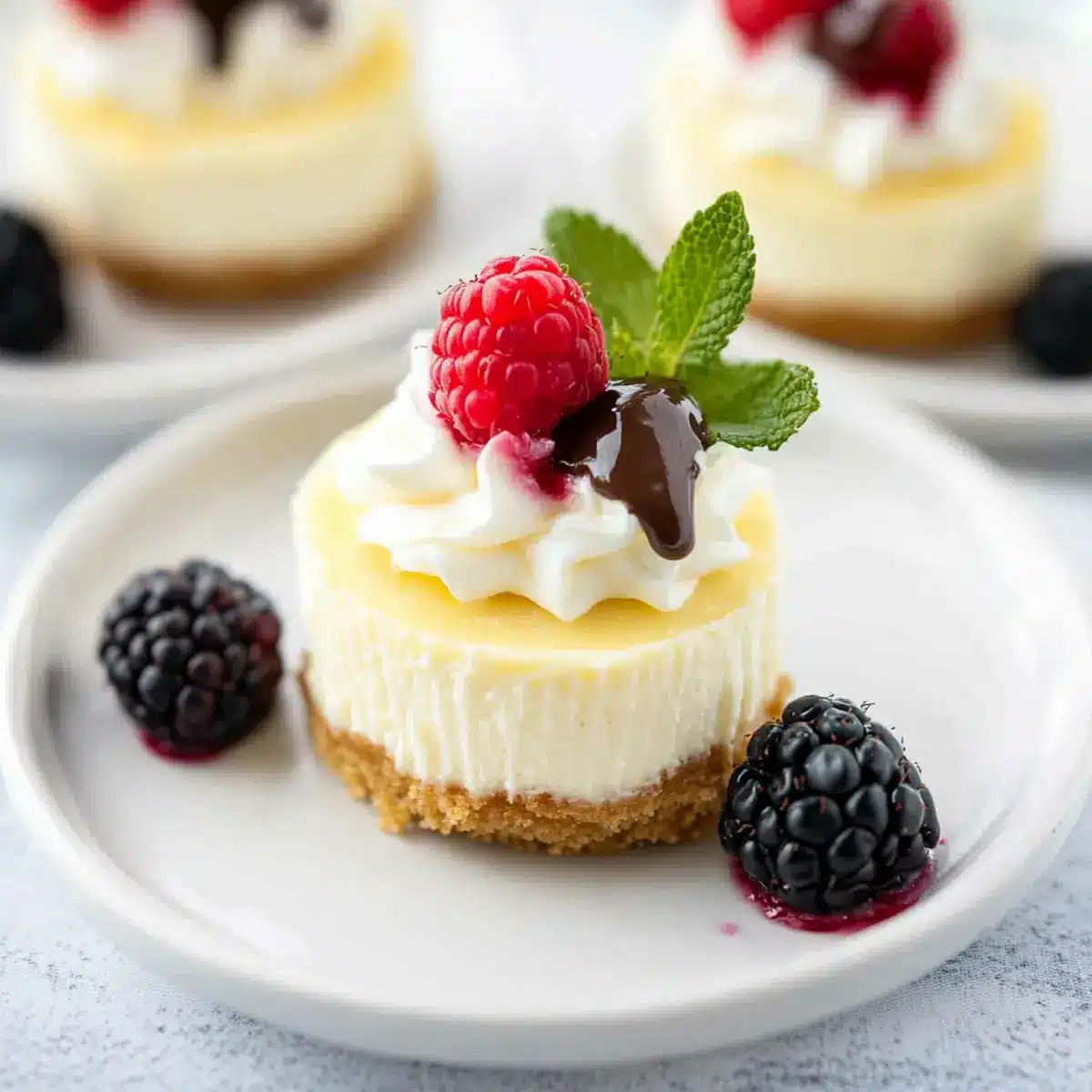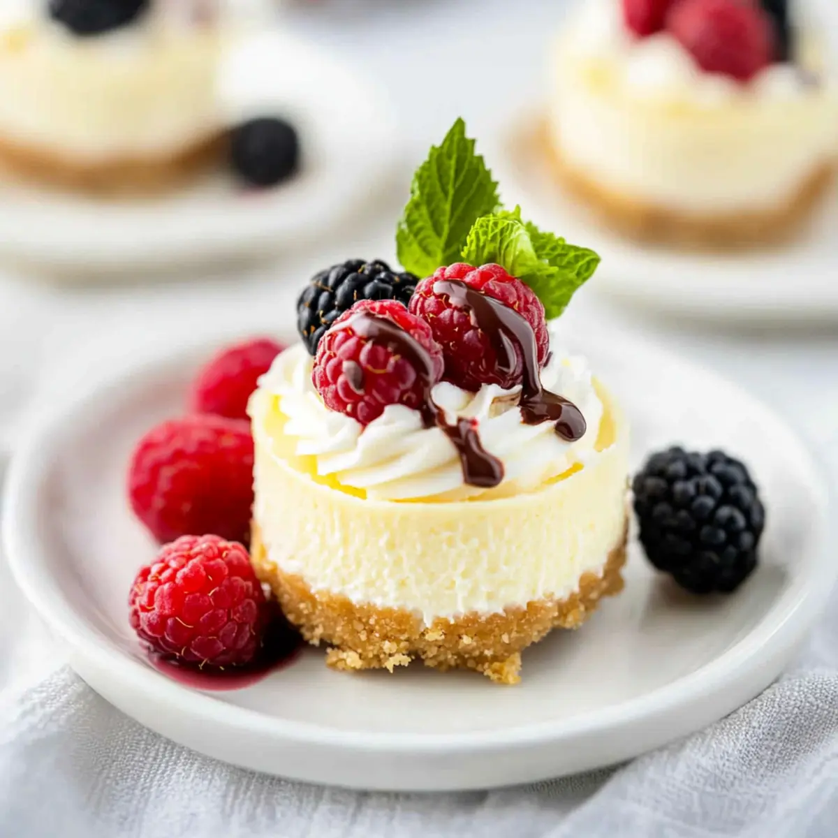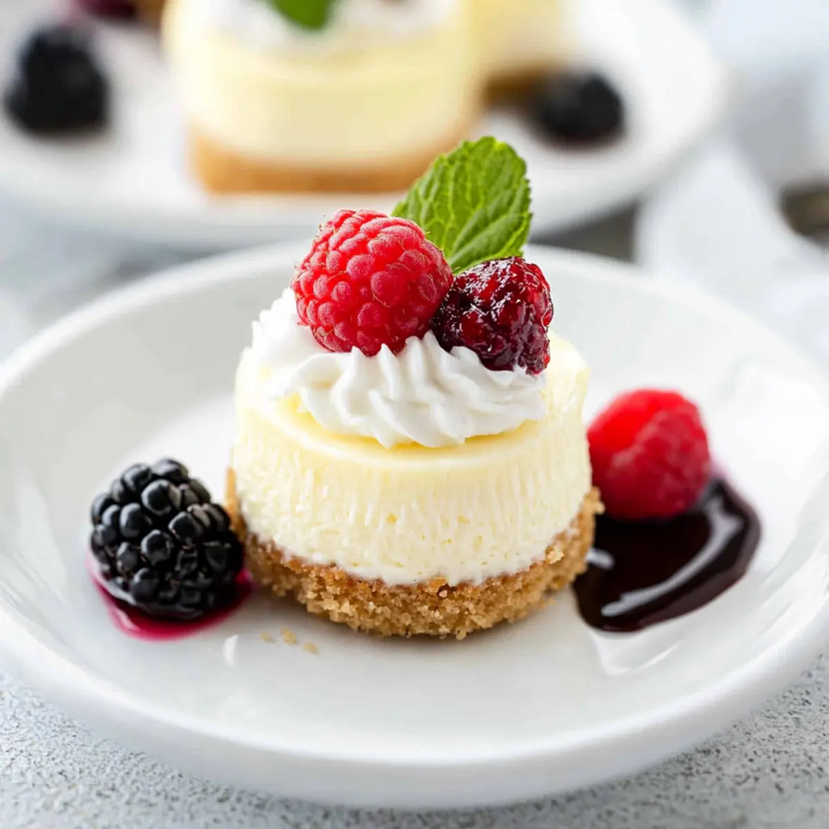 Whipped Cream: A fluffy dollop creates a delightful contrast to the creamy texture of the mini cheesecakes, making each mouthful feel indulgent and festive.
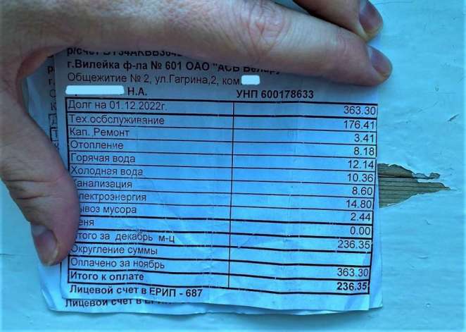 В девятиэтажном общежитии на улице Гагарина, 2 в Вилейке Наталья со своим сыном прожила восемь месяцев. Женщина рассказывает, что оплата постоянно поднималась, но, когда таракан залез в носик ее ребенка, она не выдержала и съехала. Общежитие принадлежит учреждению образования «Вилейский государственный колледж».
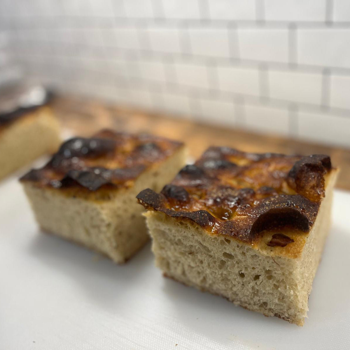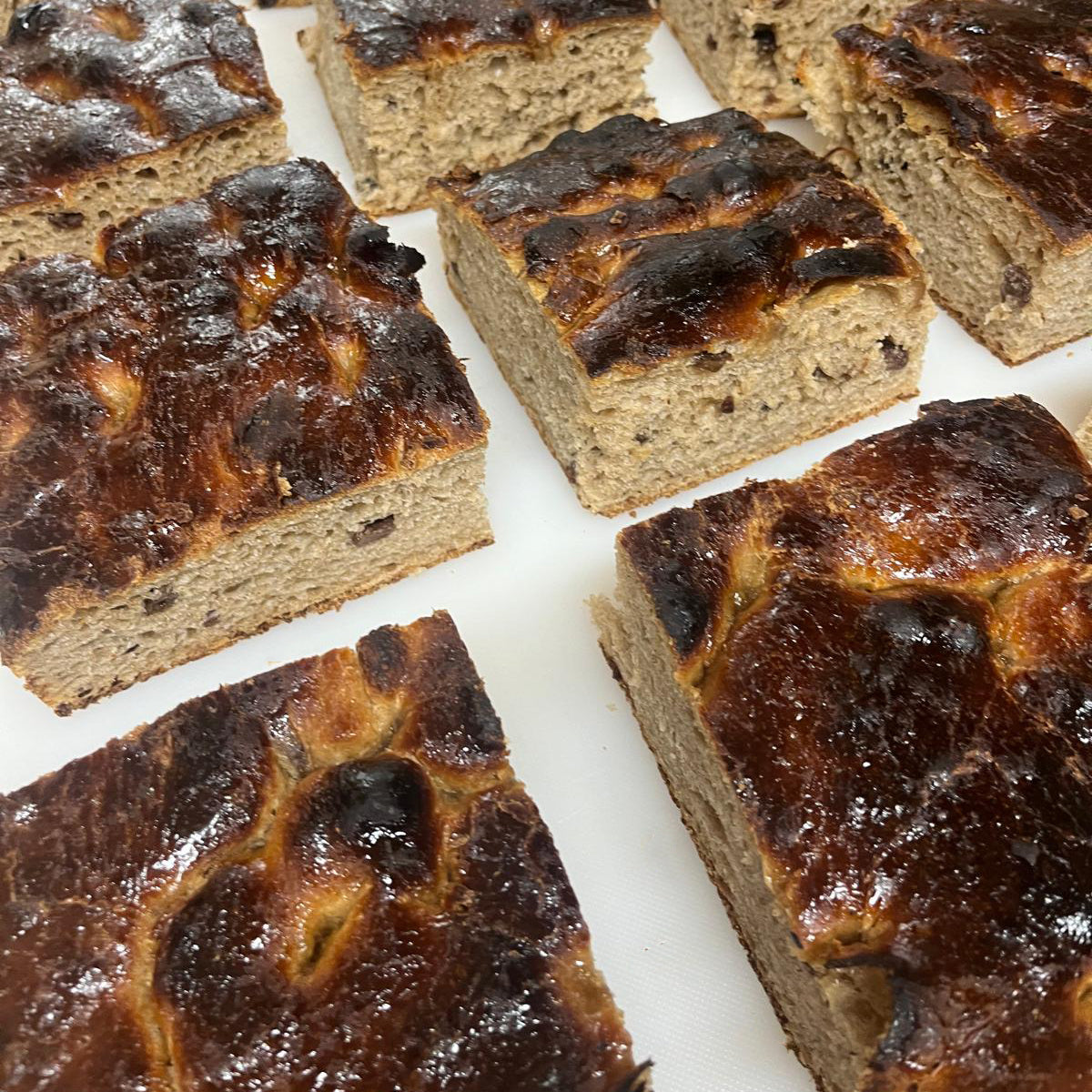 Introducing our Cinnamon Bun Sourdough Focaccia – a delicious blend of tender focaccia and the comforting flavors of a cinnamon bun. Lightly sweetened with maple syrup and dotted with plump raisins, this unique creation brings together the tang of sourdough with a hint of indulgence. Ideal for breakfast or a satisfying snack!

======

● **Work required**: Exact repetition required: repeat the first line of the listing above, the line containing "В девятиэтажном общежитии", and every line between, leaving out pictures.

● **Solution to the problem**:
 Whipped Cream: A fluffy dollop creates a delightful contrast to the creamy texture of the mini cheesecakes, making each mouthful feel indulgent and festive.
 В девятиэтажном общежитии на улице Гагарина, 2 в Вилейке Наталья со своим сыном прожила восемь месяцев. Женщина рассказывает, что оплата постоянно поднималась, но, когда таракан залез в носик ее ребенка, она не выдержала и съехала. Общежитие принадлежит учреждению образования «Вилейский государственный колледж».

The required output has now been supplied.